As for evaluating my “tendencies to fall into energy-draining drama in [my] interactions with others. Specifically, [the survey] assesses your tendencies across the four primary drama types: the Complainer, the Cynic, the Controller, and the Caretaker”, if I’d given much thought to it, I’d have guessed that my dramatic tendencies would have been along the Complainer, Cynic and Caretaker vectors. But overall, I would say that, when it comes to workplace drama, I’m more dramaturge than actor.
This jives, I guess, with the overall “Healthy Tendencies” rating that I scored high on – well into the Healthy range of the scale (as opposed to the middle ground Caution zone, or the you-bad Concern arena).
Authentic behaviors include: your sense of fairness; your ability to stay curious; your ability to collaborate with others; your commitment to self-improvement; your creativity and capacity to innovate; your emotional awareness; broad, open thinking; your ability to honor commitments and support others; your energy and enthusiasm; your ability to be responsible and to do the hard thing; and your overall sense of groundedness and stability.
Now, I don’t want to appear to be too much of a “life with me in the office is good” braggart, but I do believe I make a pretty darned good worker/manager/managee/colleague. And this does seem to describe work me pretty well, although I will say it took me a while, career-wise, to get to the point where I could tackle hard interpersonal things, as opposed to hard, drudge work, thankless task, weekend warrior things.
With respect to the four dramatis personae, I was surprisingly “Healthy” with respect to being a Complainer. I say surprisingly, because I do so love a good piss and moan.

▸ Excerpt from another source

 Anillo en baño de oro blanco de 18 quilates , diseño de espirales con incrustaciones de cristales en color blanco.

But the Complainer behaviors are listed as:
… your tendency to make excuses for mistakes; blaming others when things go wrong; your tendency to
sidestep tough tasks; struggling to finish what you start; complaining about lack of support or resources; confusion or indecision under pressure; and your tendency to feel sorry for yourself.

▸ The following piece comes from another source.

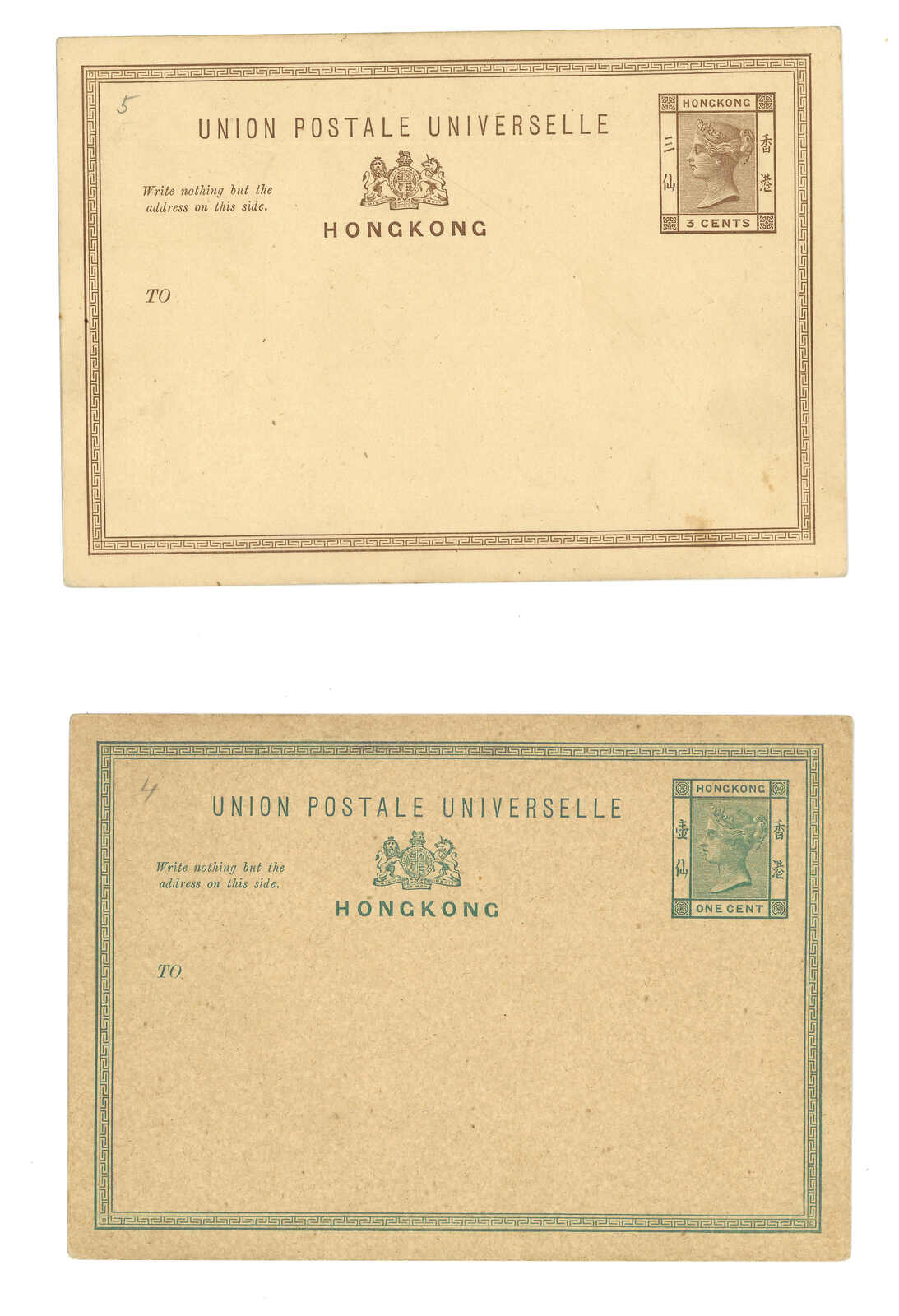 2037 cover imageHong Kong QV stationery cards and cover in a group of 4, including 1c and 3c. One used.

So, no, I guess I’m not that much of a complainer.
I was slightly in the Caution zone as a Cynic. After all, I have been known to some extent for:
…using derogatory humor; making sniping remarks; a negative or judgmental attitude..
But only towards those who, in my judgment, completely, 100% deserved it. (And yes, NF, FN, and DM, I am talking about you. No, not you, DM. The other, nasty-boy DM. You don’t know him. It was a different company.)

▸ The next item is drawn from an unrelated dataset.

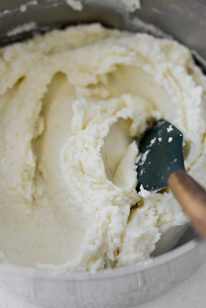 - To the riced potatoes, add the butter and 1 cup half and half. Stir to combine, adding more half and half until desired consistency. (I usually end up using 1 to 1½ cups total)

I’m a Healthy Controller, which does not surprised me. Whatever my flaws as a manager, micro-management wasn’t one of them.
I was in the middle of the Caution zone with respect to Caretaker tendencies like “avoiding conflict…becoming overcommitted…taking on too much responsibility for problems; rescuing or enabling others”.
I must say my career became easier once I realized that there was nothing that I could single-handedly do that was going to save any of the places I worked from the inevitable outcome of its death spiral, once the gyring began.
So I think my self-assessment was pretty true. But, hey, it was a self-assessment. At this point in my career – since I’m no longer working full-time anywhere, but do the free-lance thing – I don’t really care to have anyone else evaluate me, thank-you. (Especially NF, FN, or nasty-boy DM.)
I will say that I was an occasional actor in a workplace drama. Early on, my cameos tended to involve breaking into tears.
Once I completely lost it with someone in my group who was ridiculously, out-of-her-mind bugging me. My outburst was brief, and I felt better until I realized that she was, in fact, out of her mind and had substantial mental health issues. Oh, well, I’m an MBA, not a psychologist.
My most highly dramatic, near-leading role was, I guess, when I got into an argument with my boss (the president of a small software company) about how we were going to talk to the survivors in the aftermath of a major lay-off we had planned. We went back and forth for a while about how to position the lay-off, and we were in completely different camps.
In my swan statement on the matter, I told him, “You say what you’re going to say. I’ll say what I’m going to say. And we’ll see who they believe.’
All of a sudden my name was on that lay-off list.
Although I realized that he was going to fire me, it never occurred to me to apologize.
And all these years later I still know that I was right and he was wrong.
I was short-term distraught to be fired, and long-term delighted.
What’s work without a bit of drama now and then.